The second indicator I would give you is, if you look at the energy situation—if we talked about this a few years ago, we would have said we’re becoming hopelessly dependent on imported energy. And then came the shale revolution, and now the IEA in Paris projects that North America may be energy independent in the ’20s. And in addition to that, if you look at the technologies that are going to be crucial to the 21st century, biotechnology, nanotechnology and the third wave of information technology, everybody would agree that the United States is at the forefront of all three of these. And if you asked, what about the structure underneath that, in addition to vibrant entrepreneurial patterns, the university structure, as measured by Shanghai Jiao Tong University, a Chinese institution—it takes the top 25 universities in the world and argues that 20 of them are in the United States.

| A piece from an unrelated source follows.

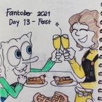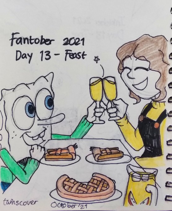 Fantober day 13 - Feast SpongeBob and Mary are feast together with pie and apple juice. They're tried fall feast as theme date. #fantober #fantober2021 #inktober #spongebobsquarepants #ocxcanon
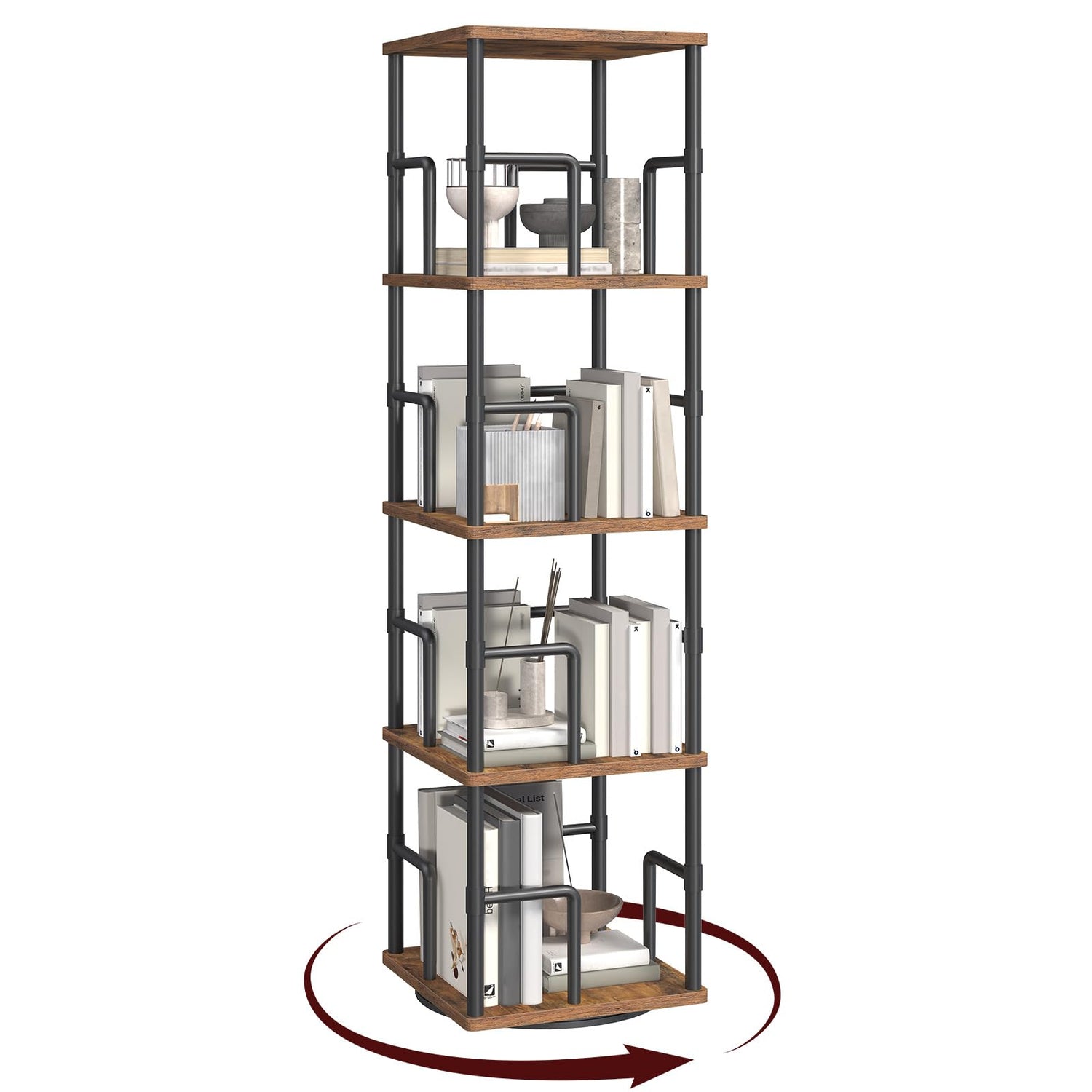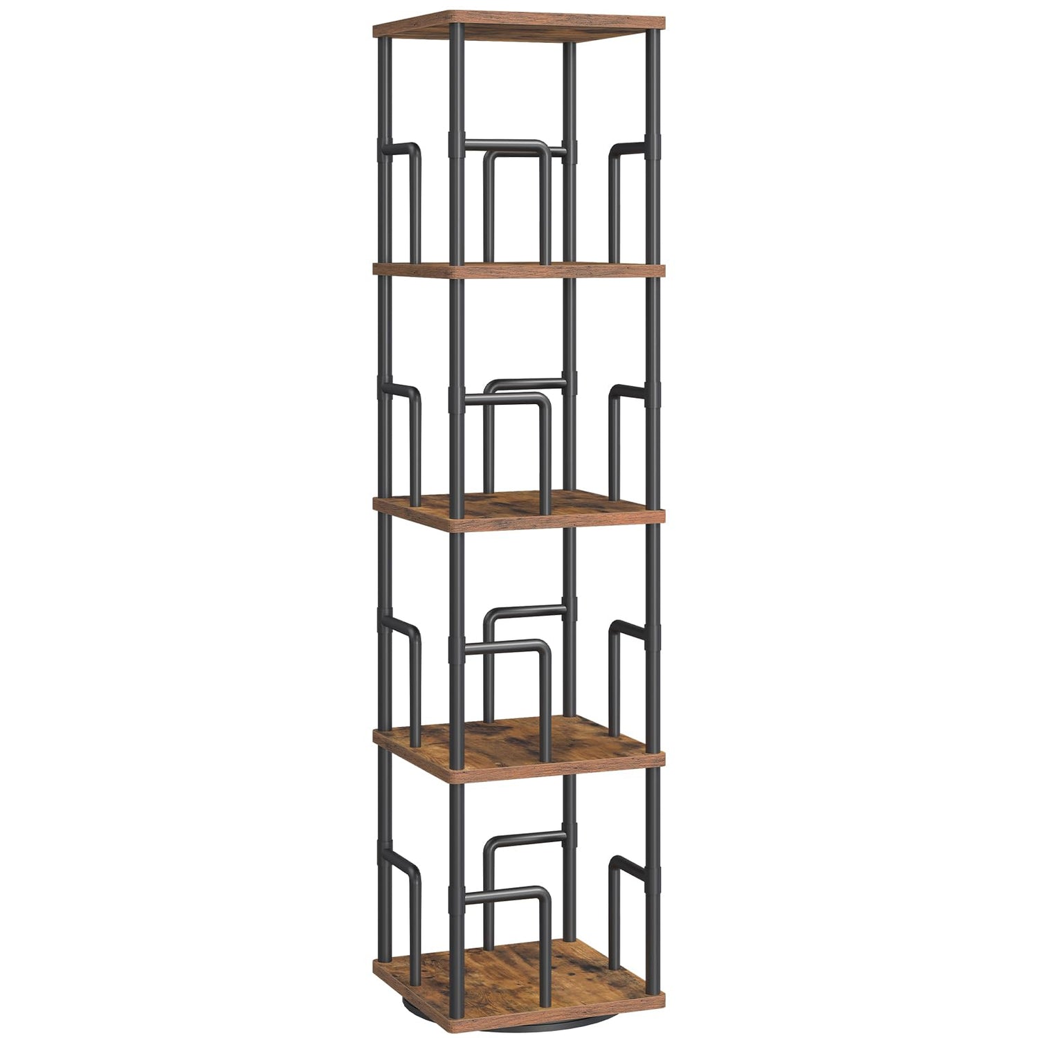 MAHANCRIS 4-Tier Rotating Bookshelf, Freestanding Corner Bookshelf, 360° Spinning Bookcase, Industrial Style Storage Rack with Rails, for Living Room, Bedroom, Study, Rustic Brown and Black BKHR1501

So even—I mean, it’s true, there was a diffusion of power, even if Hillary had been elected, but the argument that we were, sort of, downhill, the Chinese were going to take over and that it was going to be like the ’30s, where—what I call the Kindleberger trap, over Charlie Kindleberger—Americans became the most powerful country after 1917, but we didn’t wake up to it until 1945. And the result was the ’30s; Britain could no longer provide global public goods, and we weren’t willing to. And that was a disaster. Some people think that China’s going to do the same thing. I don’t think so. If you look at China, what’s interesting is the extent to which China have bought into the order. Now, it’s not invented here, from Beijing’s point of view, but it’s been extremely useful to them. There was a piece in the Wall Street Journal today about how Xi Jinping is in Davos right now saying, we’re all in favor of free trade and this liberal international order.

ROSE: Are you heading off there after this?

NYE: (Chuckles.) Not this year. I’ve gone 25 times. That’s enough. But the—but the point is that I don’t think, from the baseline, that the United States—that the order was about to collapse. I think we’re going to have problems, but I think it was something which was to be preserved. So, to my mind, the threat is not from external forces, but from internal forces. And then, you have to ask, how much is this populist surge going to dominate in the future or not? And then you come back to how really close this election was. Before we see it as a huge populist surge, you’ve got to remember that it rested on 100,000 votes in three Rust Belt states. So it wasn’t that, you know, we had this—I mean, Trump likes to tweet all the time about his overwhelming victory. It wasn’t. He lost the popular vote, and he took advantage of a candidate who failed to take a good strategy toward these Rust Belt states. And that’s given us where we are.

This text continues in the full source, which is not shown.